*Records for the task:*
******************************

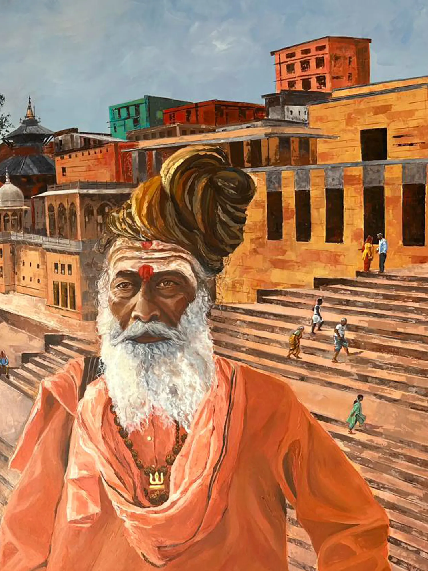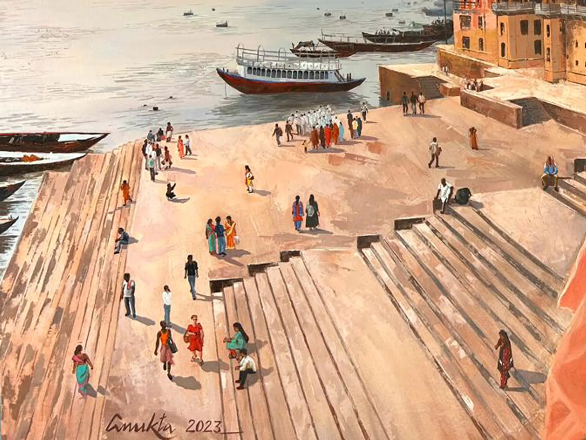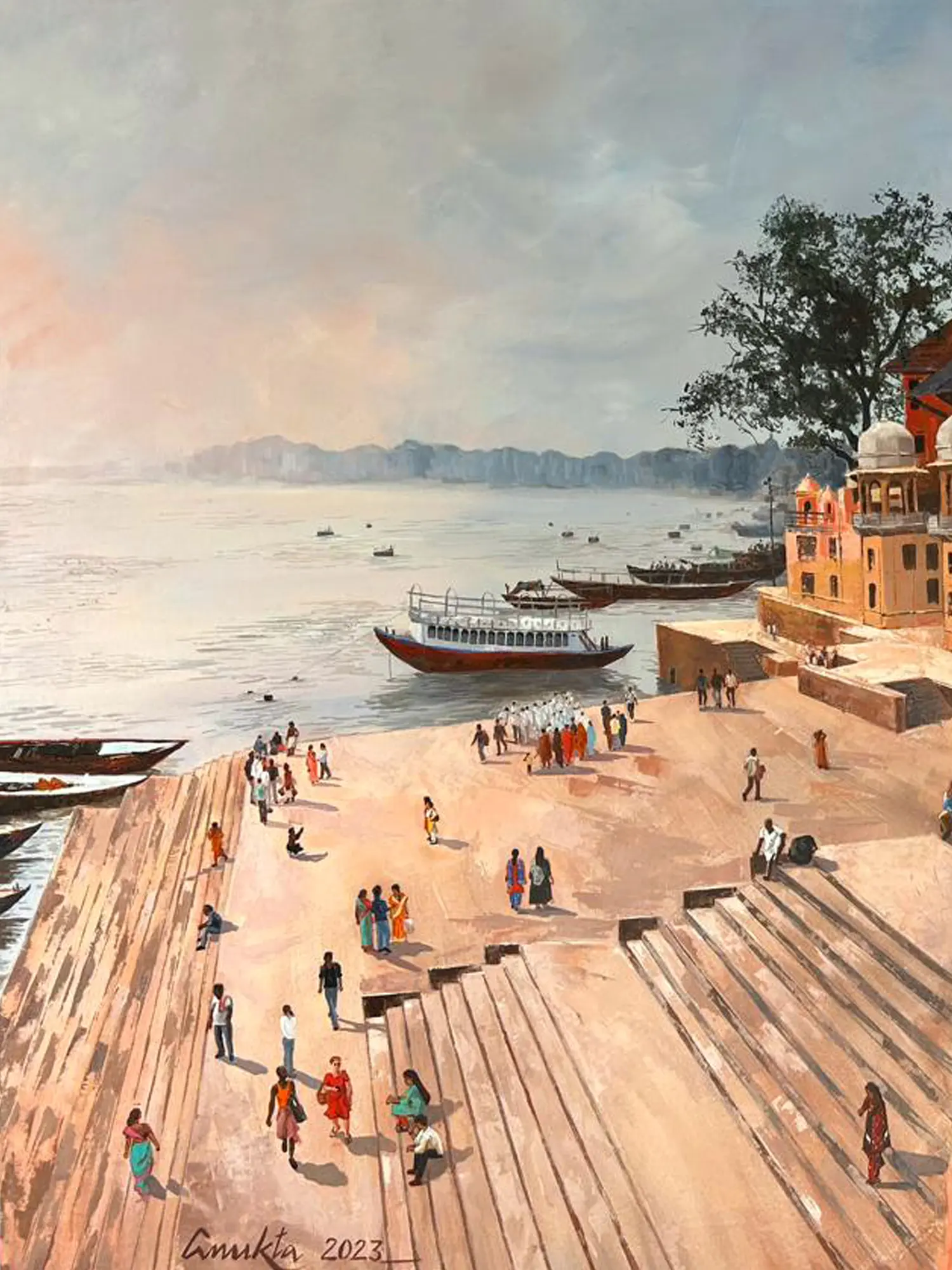 Kashti On Varanasi Rivers Bank | Acrylic On Canvas | By Anukta Mukherjee Ghosh
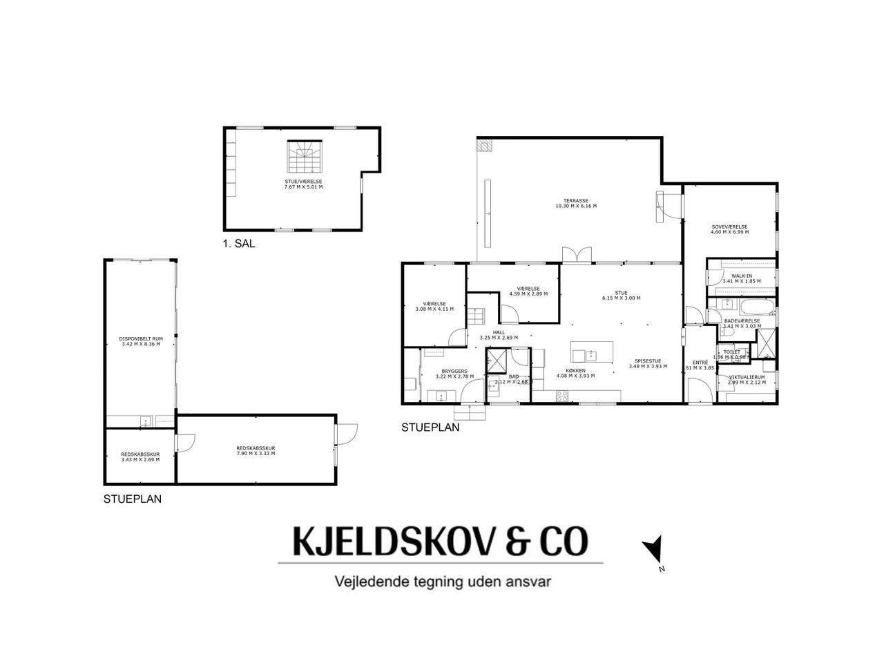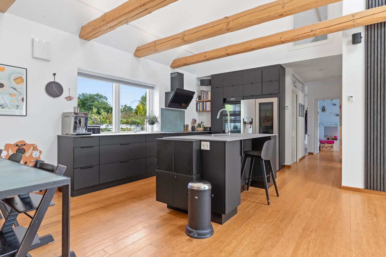 bæredygtige valg gør det let at trække vejret med god samvittighed. Den nye tilbygning rummer en eksklusiv forældreafdeling med soveværelse og direkte udgang til terrassen, så morgensolen og den friske luft kan glide ind sammen med dagen. Et walk-in-closet opfylder ønsket om plads og overblik, mens badeværelset er som et lille spa – med badekar under ovenlyset, rainshower og smukke fliser, der taler til både øje og krop. I tilbygningen findes også et stilrent gæstetoilet, et praktisk viktualierum til alt det, man ikke kan undvære, og en entré med ro og rummelighed. Et spektakulært leverum åbner sig som hjemmets hjerte med lofter, der rejser sig mod himlen, synlige hanebånd og ovenlys, der lader lyset strømme ned og roen brede sig i takt med rummets arkitektoniske lethed. Her står samtalekøkkenet fra Kvik – matsort og fuldt udstyret, et køkken ud over det sædvanlige, med en køkkenø, der samler mennesker om både samtaler og måltider. Der er plads til det lange spisebord, et blødt sofaområde og leg på gulvet – alt i ét åbent flow med udgang til haven og terrassen. To gode børneværelser, plads til leg, fordybelse og søvn - endnu et badeværelse, og på førstesalen venter en stor opholdsstue/alrum – klar til leg, kontor, musik eller nye værelser, når livet forandrer sig.
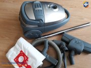 w zestawie wąż flexi, rura teleskopowa , szczotka z włosia do parkietów i podłóg , turboszczotka , małe ssawki Odkurzacz posiada zwijacz przewodu, regulację obrotów zapasowy worek
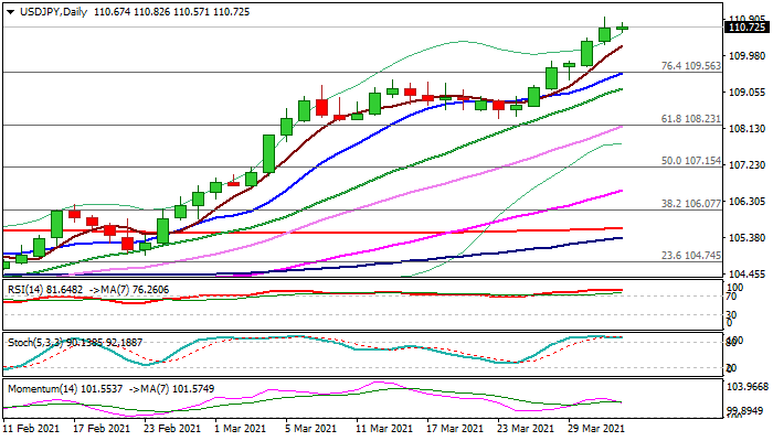 Bulls eye targets at 111.71 (Mar 202 peak and 112.25 (2020 high), break of which would open way for attack at monthly cloud top (112.41), as March rally penetrated the cloud, spanned between 110.51 and 112.41.
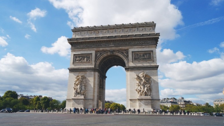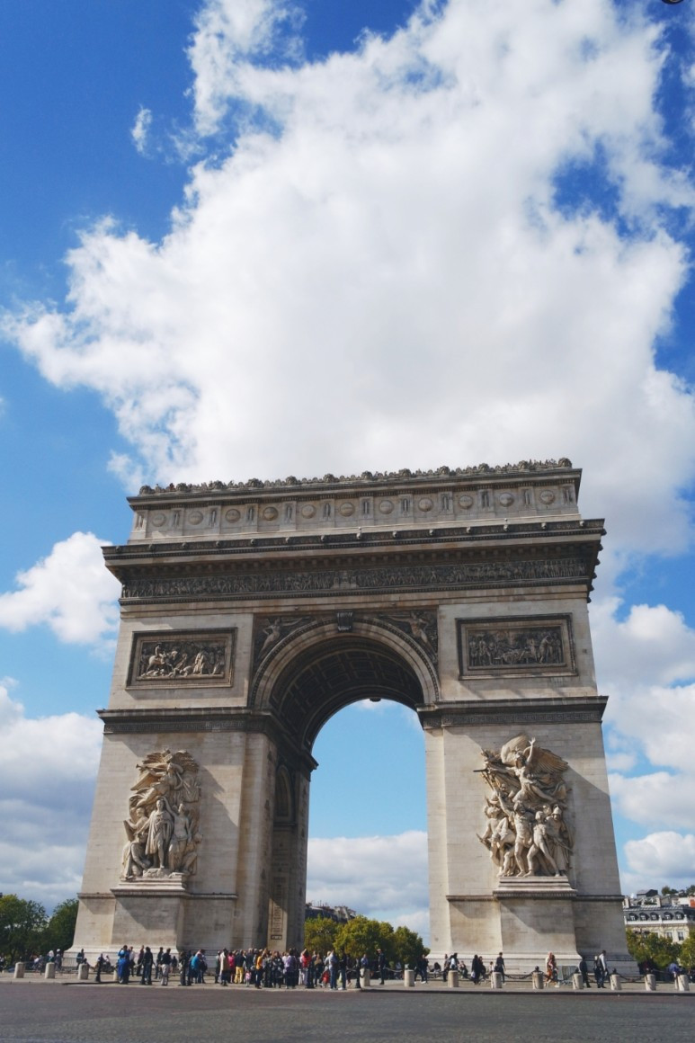 거대한 아치 형태의 문이 보이기 시작했다. 아, 저 문이 바로 개선문이구나! 사진으로만 보았던 거대한 문을 실제로 보게 되니 감격스러웠다. 시야를 가리는 다른 건물들이 없어서 개선문 뒤로 보이는 푸른 하늘과 구름이 얼마나 드높아 보이던지 모른다.
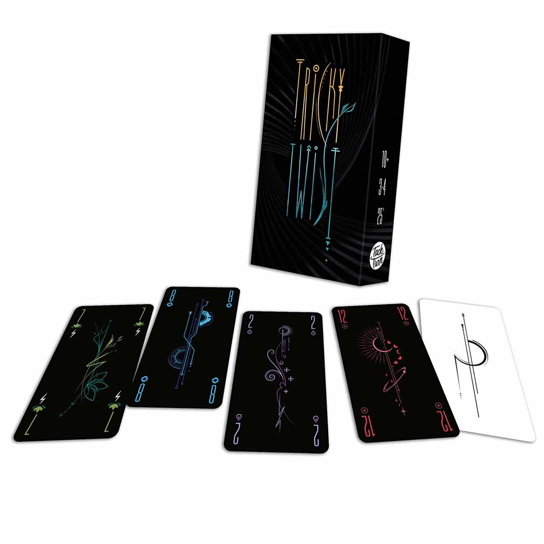 Bei Tricky Twist ist es oft wichtiger, Stiche zu verlieren als sie zu gewinnen. Wenn es Ihnen gelingt, die gespielte Karte zurückzuholen, kommt sie als „falscher Stich“ offen zu Ihnen zurück. Um Ihre Siegpunkte zu maximieren, müssen Sie nicht nur die Anzahl Ihrer Stiche und falschen Stiche ausgleichen, sondern auch die Karten, die Sie in falsche Stiche verwandelt haben, so optimieren, dass zum Beispiel alle Ihre falschen Stiche eine perfekte Wertefolge bilden. Einfach teuflisch...
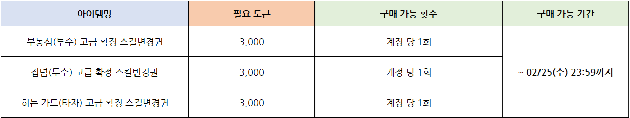 ※ 신규 스킬 [부동심(투수)]를 획득할 수 있는 [부동심(투수) 고급 확정 스킬변경권]은 일정 기간 동안 조커 코인 상점에서 획득하실 수 있습니다.
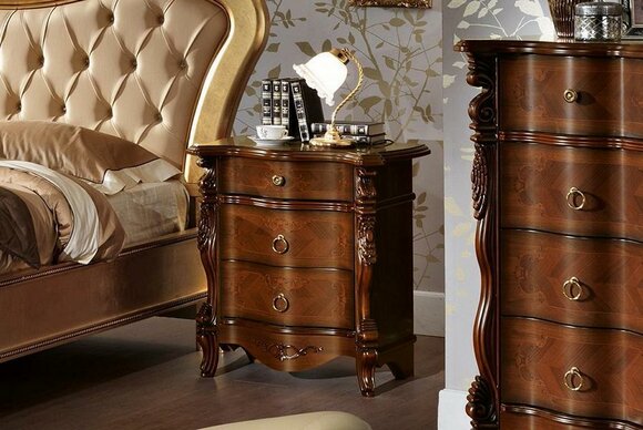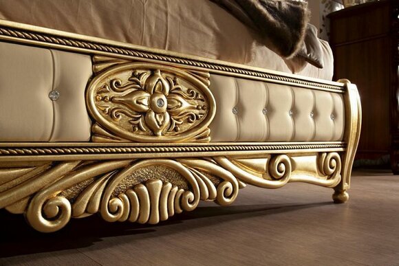 Produkt: Bett Doppel Betten Nachttisch Kleiderschrank Kommode Schlafzimmer Möbel Set in Mehrfarbig (Braun-Gold; Perlweiss-Gold; Beige-Gold).
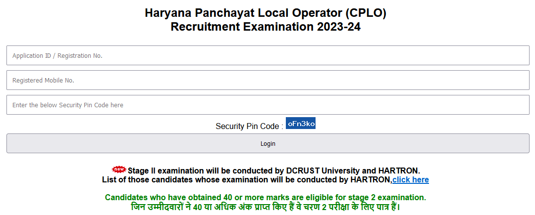 Haryana Panchayat Local Operator (CPLO) Admit Card 2024
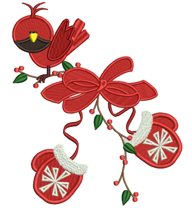 Snow Mittens and a Cute Bird Christmas Filled Machine Embroidery Digitized Design Pattern

******************************

*Exercise directions:* From the line with "Produkt: Bett Doppel" down to the final line of the entries above, repeat each line exactly; omit the pictures.

*Answer for the task:*
 Produkt: Bett Doppel Betten Nachttisch Kleiderschrank Kommode Schlafzimmer Möbel Set in Mehrfarbig (Braun-Gold; Perlweiss-Gold; Beige-Gold).
 Haryana Panchayat Local Operator (CPLO) Admit Card 2024
 Snow Mittens and a Cute Bird Christmas Filled Machine Embroidery Digitized Design Pattern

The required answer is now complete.